Apple is boosting its machine learning capabilities with the acquisition of Tuplejump.

The India/US-based start-up has typically operated with open source projects such as Apache Spark, Apache Cassandra, and the Apache Kafka distributed high-throughput publish-subscribe messaging system, but it is the FiloDB project which is said to be what interested Apple the most.

The company describes itself as having the goal of simplifying data management technologies in order to make them simple to use.

Apple has not confirmed the acquisition but told TechCrunch: “Apple buys smaller technology companies from time to time, and we generally do not discuss our purpose or plans.”

The FiloDB open source project is designed to build and apply machine learning concepts and analytics to large amounts of complex streaming data.
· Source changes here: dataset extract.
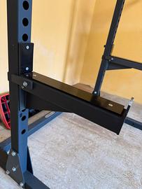 Standing rack pro sidea (half rack) in ottime condizioni molto stabile senza fissaggio a terra (unico “difetto superfiacle” presente quelche macchiolina di ruggine sopra la magnesite nella sbarra pull up) usato in home gym per circa due mesi In più safety spotter Dimensioni : 1200x1110x2305 mm Foro regolazione piu alto 1770 mm Foro regolazione piu basso 640 mm Pull up bars 2225 mm Carico massimo 380 kg Viste le dimensioni e il peso preferisco il ritiro a mano (posso consegnare nelle zone limitrofe dopo accordo)

The GitHub page for the project says: “High-performance distributed analytical database + Spark SQL queries + built for streaming.”

Tuplejump's FiloDB project on GitHub.
Tuplejump’s FiloDB project on GitHub.

Co-founder Rohit Rai and Satyaprakash Buddhavarapu both stopped working on the start-up in April and joined Apple a month later, while Deepak Alur joined Anaplan at the same time, according to their LinkedIn profiles.

This acquisition is not the first Apple has made around the area of machine learning. The company acquired deep learning company Perceptio, which uses artificial intelligence to classify smartphone photos, in late 2015 and Turi, a machine learning platform for developers and data scientists, in August 2016.

The latest acquisition perhaps plays towards Apple’s goal of adding greater search capabilities across its platforms.

Apple may have acquired Tuplejimp but it would appear that the FiloDB project still lives on as an open source project. On GitHub the latest ‘commit’ was made a month ago, and while it no longer sits under Tuplejump’s account (it has its own repository), it would appear that the project is still alive and kicking in the open source domain.